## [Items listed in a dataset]
────────────────────────────────────────

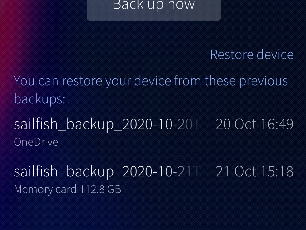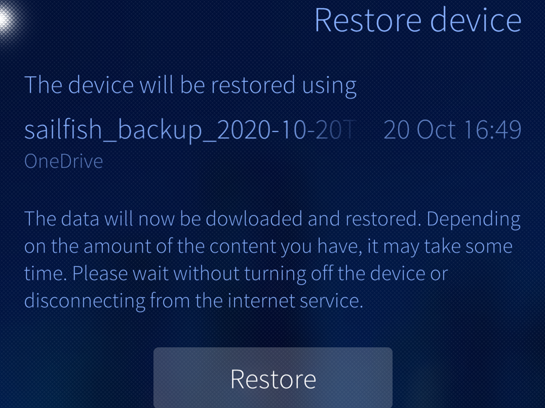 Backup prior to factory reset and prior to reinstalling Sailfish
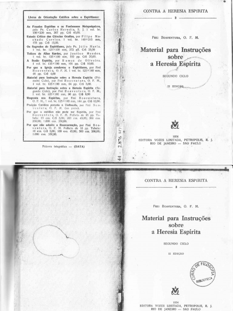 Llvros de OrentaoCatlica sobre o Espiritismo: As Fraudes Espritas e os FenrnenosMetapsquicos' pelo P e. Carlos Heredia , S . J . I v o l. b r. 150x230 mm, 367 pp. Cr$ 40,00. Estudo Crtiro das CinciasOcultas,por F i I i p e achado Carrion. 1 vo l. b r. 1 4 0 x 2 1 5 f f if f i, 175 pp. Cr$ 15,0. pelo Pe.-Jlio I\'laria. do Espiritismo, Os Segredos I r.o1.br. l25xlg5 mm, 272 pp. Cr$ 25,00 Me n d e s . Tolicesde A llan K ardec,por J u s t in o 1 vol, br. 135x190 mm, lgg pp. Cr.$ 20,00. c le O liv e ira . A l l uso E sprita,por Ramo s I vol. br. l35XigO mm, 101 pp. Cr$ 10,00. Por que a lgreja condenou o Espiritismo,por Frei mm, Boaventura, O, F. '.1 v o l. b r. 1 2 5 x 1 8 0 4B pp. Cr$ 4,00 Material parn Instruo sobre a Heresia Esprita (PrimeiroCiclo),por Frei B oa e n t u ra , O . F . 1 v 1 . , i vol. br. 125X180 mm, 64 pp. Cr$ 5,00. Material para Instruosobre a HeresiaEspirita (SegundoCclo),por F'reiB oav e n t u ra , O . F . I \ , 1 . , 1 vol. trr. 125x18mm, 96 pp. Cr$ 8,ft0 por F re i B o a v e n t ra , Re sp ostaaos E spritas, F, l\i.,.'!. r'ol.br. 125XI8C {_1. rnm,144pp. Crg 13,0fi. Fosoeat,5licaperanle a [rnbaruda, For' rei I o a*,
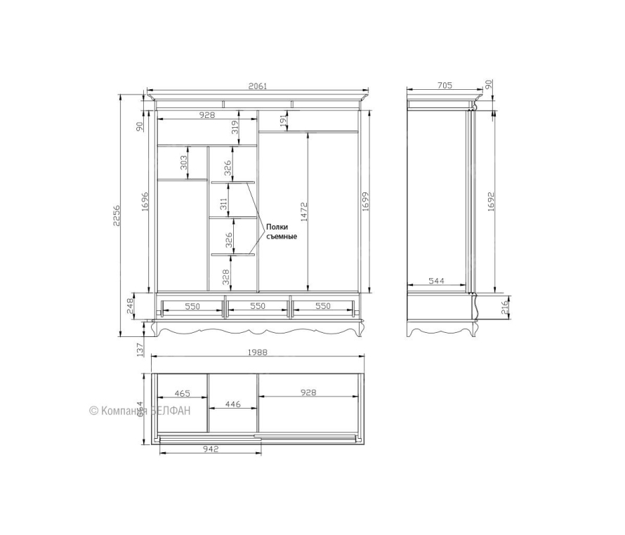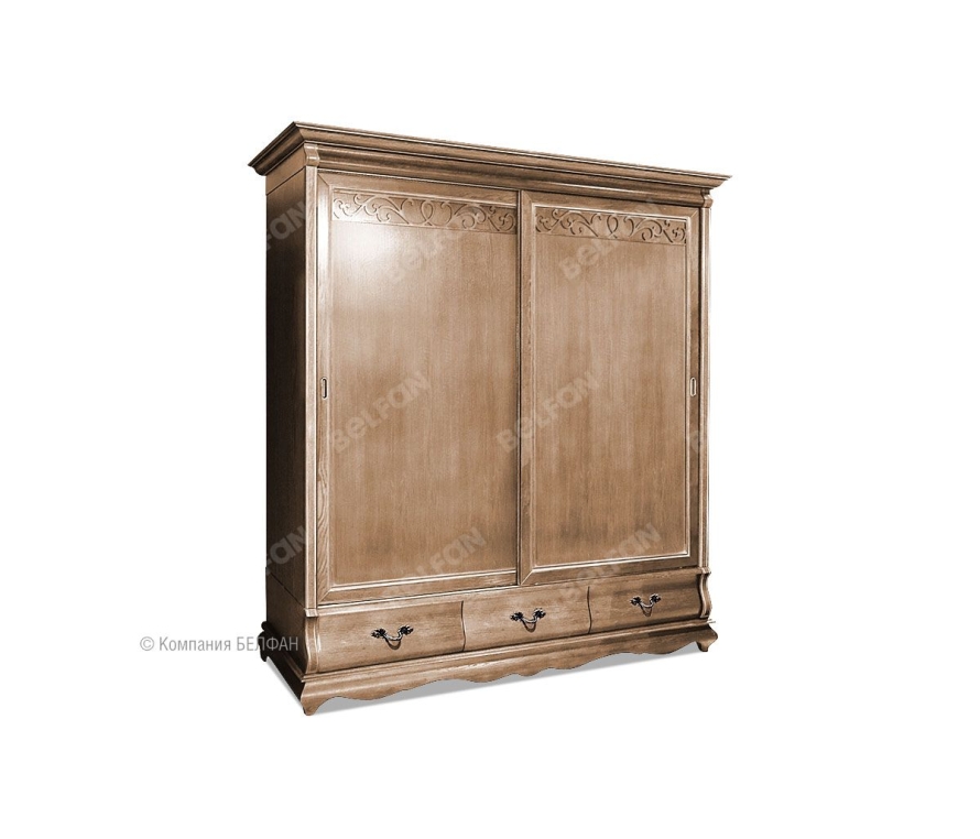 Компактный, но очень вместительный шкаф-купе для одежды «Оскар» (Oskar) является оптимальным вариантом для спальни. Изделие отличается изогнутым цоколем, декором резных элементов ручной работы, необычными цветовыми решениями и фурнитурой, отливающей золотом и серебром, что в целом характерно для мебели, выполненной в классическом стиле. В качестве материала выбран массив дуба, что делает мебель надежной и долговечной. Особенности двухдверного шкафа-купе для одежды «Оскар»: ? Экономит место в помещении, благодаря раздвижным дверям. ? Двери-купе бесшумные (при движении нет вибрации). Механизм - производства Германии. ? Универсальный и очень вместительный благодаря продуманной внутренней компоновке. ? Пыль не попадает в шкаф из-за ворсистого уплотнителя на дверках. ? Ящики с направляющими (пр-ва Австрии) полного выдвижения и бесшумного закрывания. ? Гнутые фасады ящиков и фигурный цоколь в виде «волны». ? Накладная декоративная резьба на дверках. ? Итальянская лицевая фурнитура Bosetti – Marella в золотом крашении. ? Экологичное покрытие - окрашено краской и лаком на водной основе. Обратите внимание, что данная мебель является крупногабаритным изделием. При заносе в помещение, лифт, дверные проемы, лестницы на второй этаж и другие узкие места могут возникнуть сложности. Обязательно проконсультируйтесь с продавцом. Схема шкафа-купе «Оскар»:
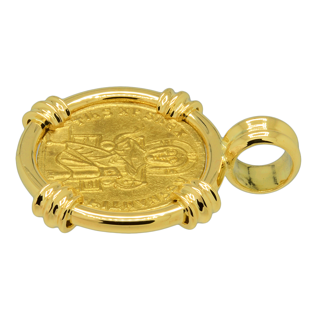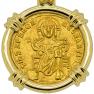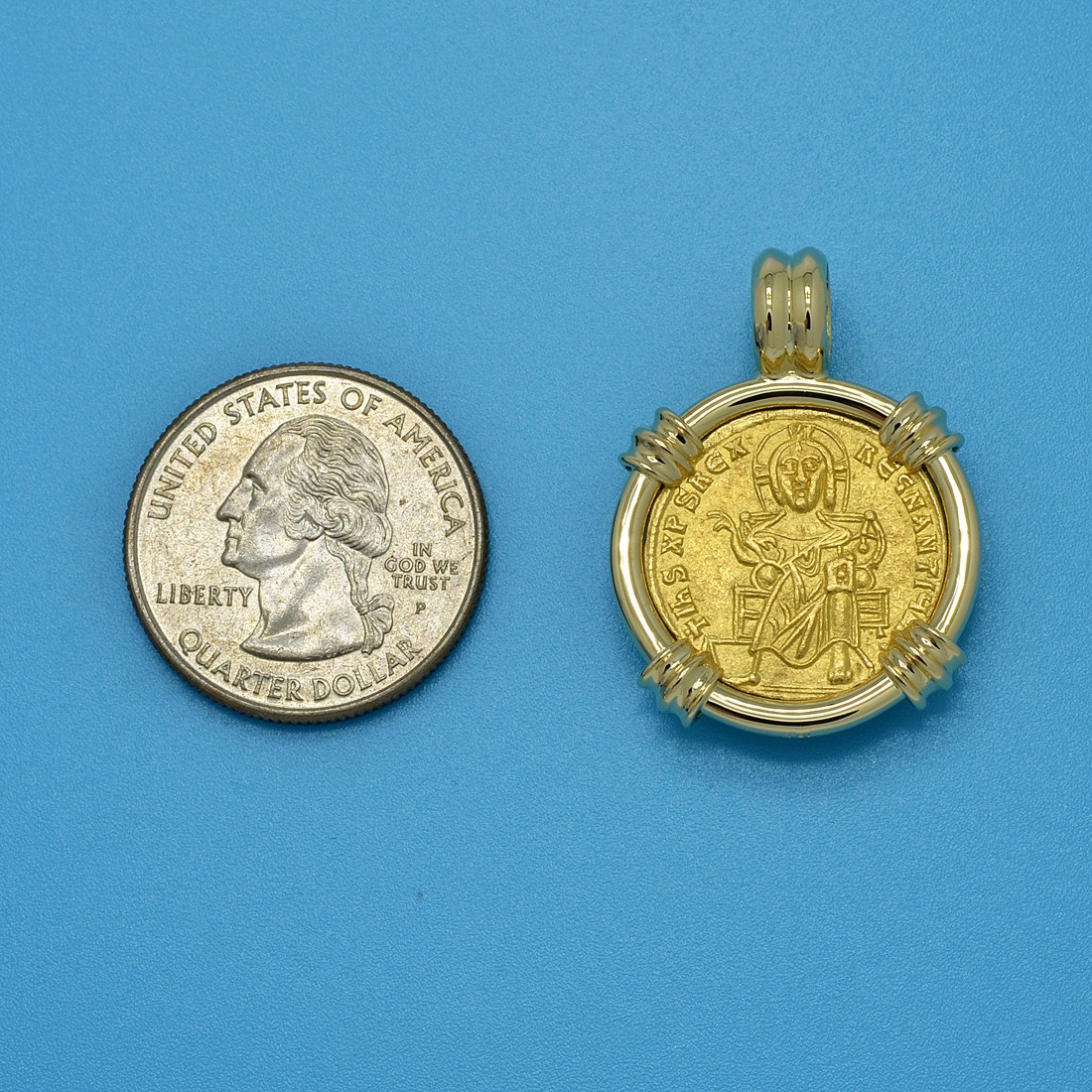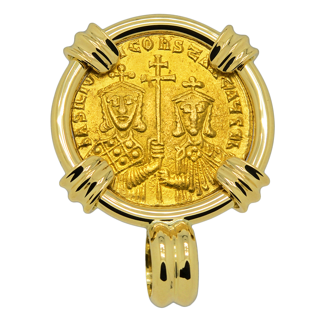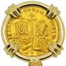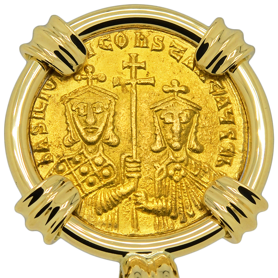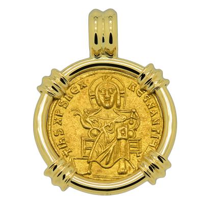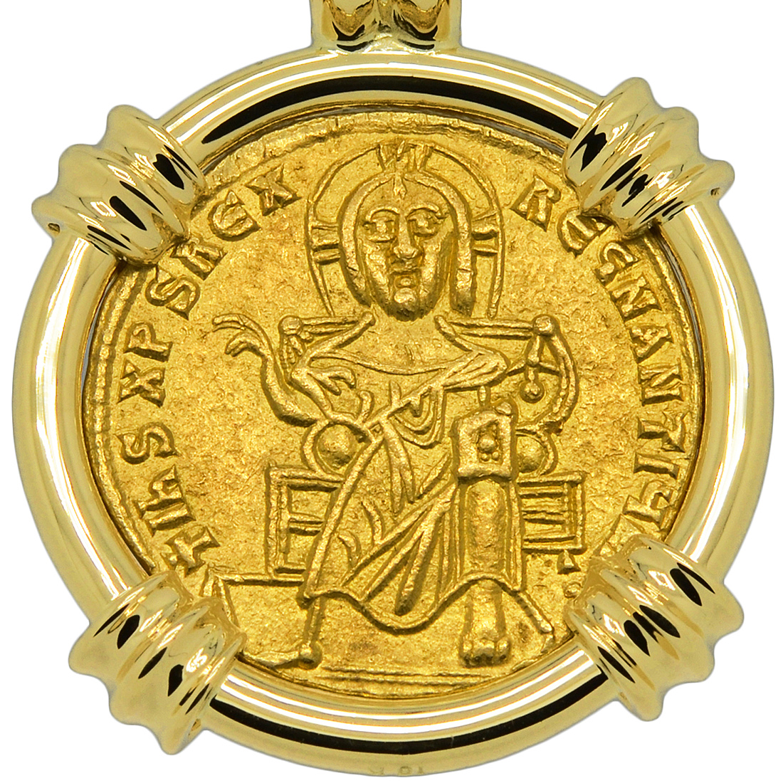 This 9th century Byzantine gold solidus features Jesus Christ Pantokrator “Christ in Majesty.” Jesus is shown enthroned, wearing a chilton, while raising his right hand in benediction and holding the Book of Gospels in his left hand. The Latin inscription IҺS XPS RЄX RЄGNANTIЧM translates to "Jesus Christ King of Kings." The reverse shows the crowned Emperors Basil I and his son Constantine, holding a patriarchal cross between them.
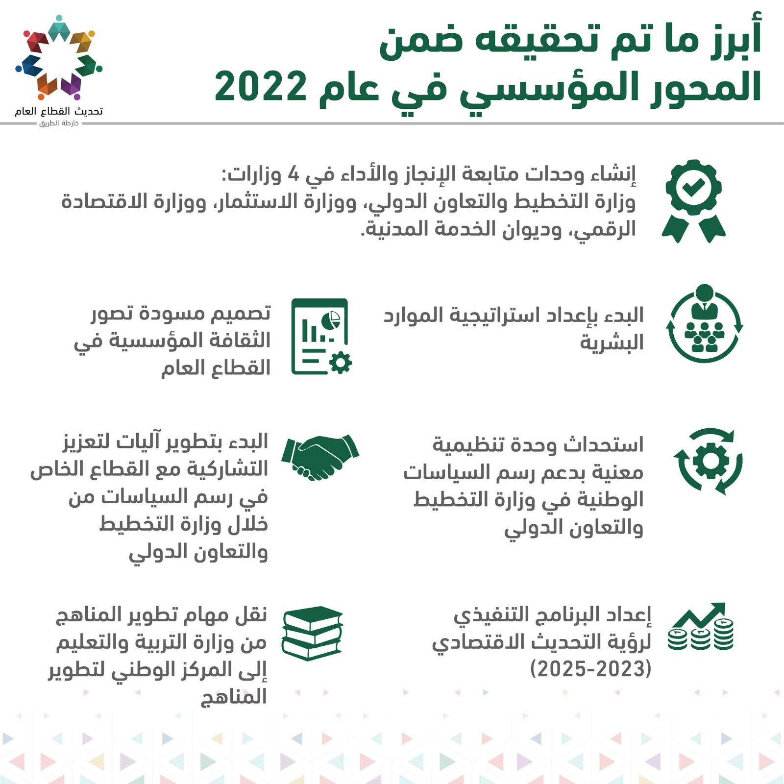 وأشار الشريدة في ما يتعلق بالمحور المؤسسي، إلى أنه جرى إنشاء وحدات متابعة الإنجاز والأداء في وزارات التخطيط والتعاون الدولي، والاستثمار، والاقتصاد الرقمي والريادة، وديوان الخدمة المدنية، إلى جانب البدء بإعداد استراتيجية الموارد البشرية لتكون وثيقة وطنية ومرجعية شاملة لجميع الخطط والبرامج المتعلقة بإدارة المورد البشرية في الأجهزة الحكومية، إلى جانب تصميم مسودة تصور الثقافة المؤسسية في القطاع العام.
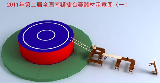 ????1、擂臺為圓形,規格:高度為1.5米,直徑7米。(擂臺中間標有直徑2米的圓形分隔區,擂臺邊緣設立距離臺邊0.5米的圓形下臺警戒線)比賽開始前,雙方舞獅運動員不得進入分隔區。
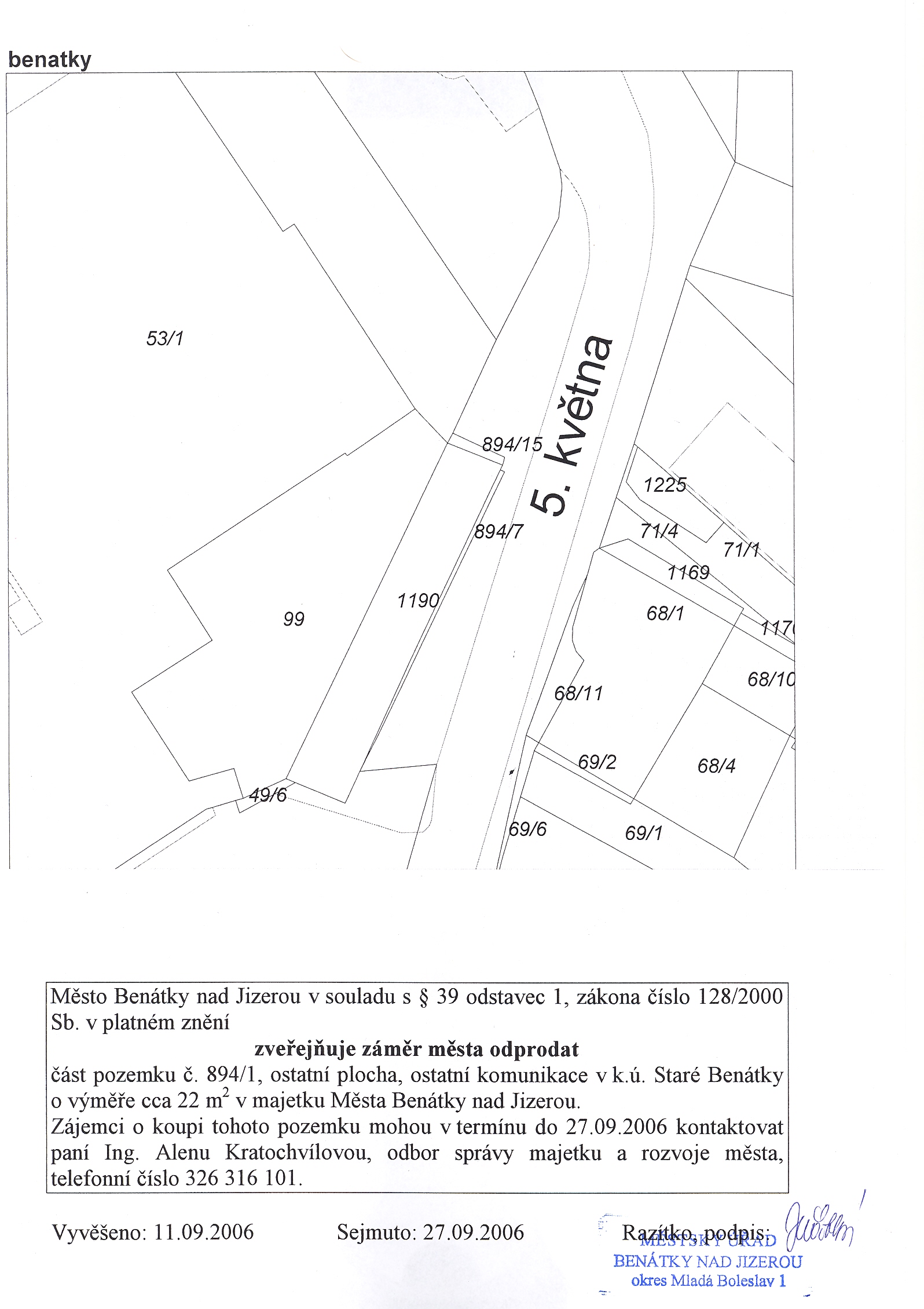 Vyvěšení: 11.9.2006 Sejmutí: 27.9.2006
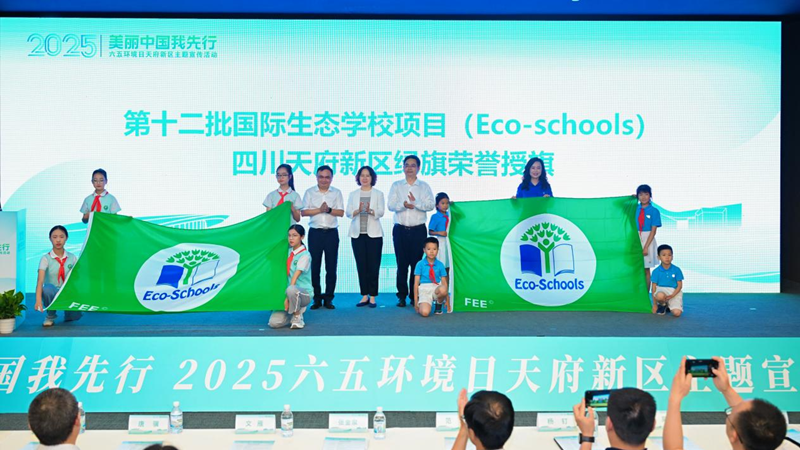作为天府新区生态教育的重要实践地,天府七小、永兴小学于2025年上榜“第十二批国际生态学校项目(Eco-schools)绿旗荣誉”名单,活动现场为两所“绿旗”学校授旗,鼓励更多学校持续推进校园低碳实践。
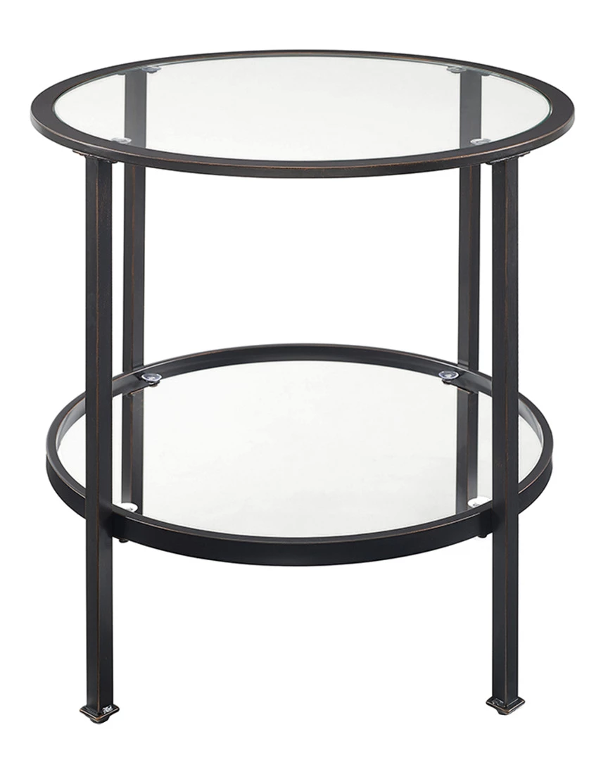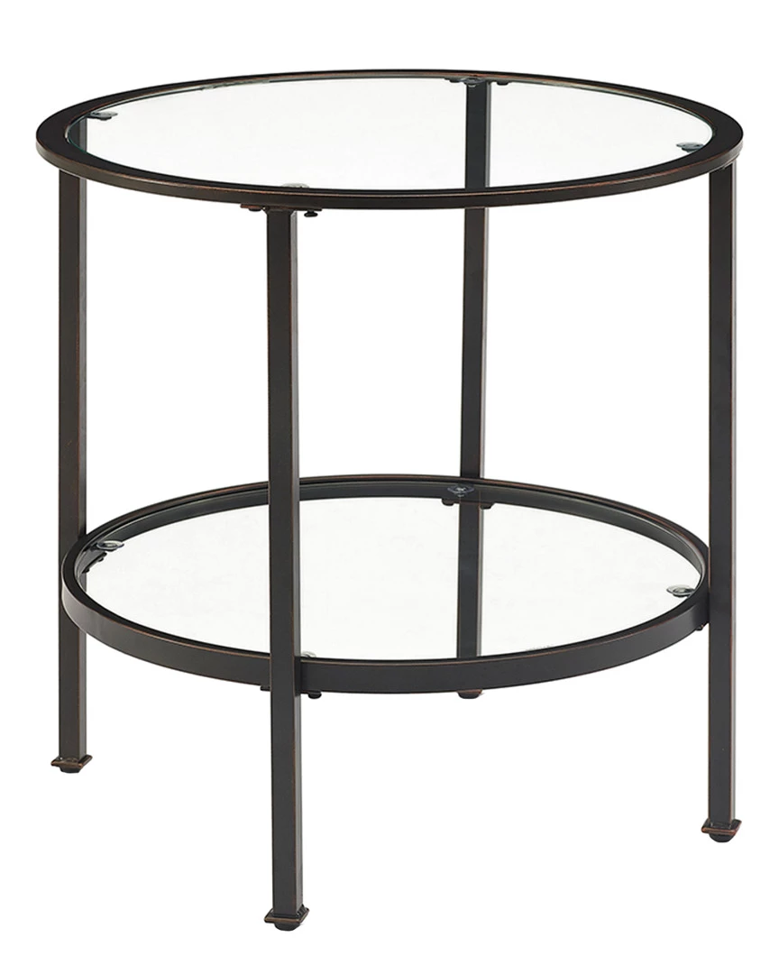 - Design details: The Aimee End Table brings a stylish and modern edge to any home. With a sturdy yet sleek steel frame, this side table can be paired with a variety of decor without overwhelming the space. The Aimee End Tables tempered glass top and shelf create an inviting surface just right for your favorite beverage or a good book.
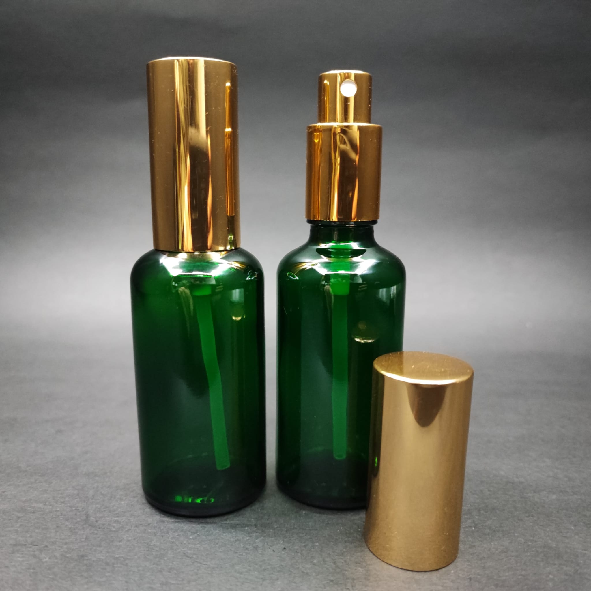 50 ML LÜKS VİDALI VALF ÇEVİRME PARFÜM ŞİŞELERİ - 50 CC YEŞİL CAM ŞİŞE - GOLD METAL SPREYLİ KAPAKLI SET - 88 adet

────────────────────────────────────────

## [Task brief]
Reproduce exactly the entries from their first line through the line containing "Llvros de OrentaoCatlica", including both, and omit any pictures.

## [Solution to the problem]
 Backup prior to factory reset and prior to reinstalling Sailfish
 Llvros de OrentaoCatlica sobre o Espiritismo: As Fraudes Espritas e os FenrnenosMetapsquicos' pelo P e. Carlos Heredia , S . J . I v o l. b r. 150x230 mm, 367 pp. Cr$ 40,00. Estudo Crtiro das CinciasOcultas,por F i I i p e achado Carrion. 1 vo l. b r. 1 4 0 x 2 1 5 f f if f i, 175 pp. Cr$ 15,0. pelo Pe.-Jlio I\'laria. do Espiritismo, Os Segredos I r.o1.br. l25xlg5 mm, 272 pp. Cr$ 25,00 Me n d e s . Tolicesde A llan K ardec,por J u s t in o 1 vol, br. 135x190 mm, lgg pp. Cr.$ 20,00. c le O liv e ira . A l l uso E sprita,por Ramo s I vol. br. l35XigO mm, 101 pp. Cr$ 10,00. Por que a lgreja condenou o Espiritismo,por Frei mm, Boaventura, O, F. '.1 v o l. b r. 1 2 5 x 1 8 0 4B pp. Cr$ 4,00 Material parn Instruo sobre a Heresia Esprita (PrimeiroCiclo),por Frei B oa e n t u ra , O . F . 1 v 1 . , i vol. br. 125X180 mm, 64 pp. Cr$ 5,00. Material para Instruosobre a HeresiaEspirita (SegundoCclo),por F'reiB oav e n t u ra , O . F . I \ , 1 . , 1 vol. trr. 125x18mm, 96 pp. Cr$ 8,ft0 por F re i B o a v e n t ra , Re sp ostaaos E spritas, F, l\i.,.'!. r'ol.br. 125XI8C {_1. rnm,144pp. Crg 13,0fi. Fosoeat,5licaperanle a [rnbaruda, For' rei I o a*,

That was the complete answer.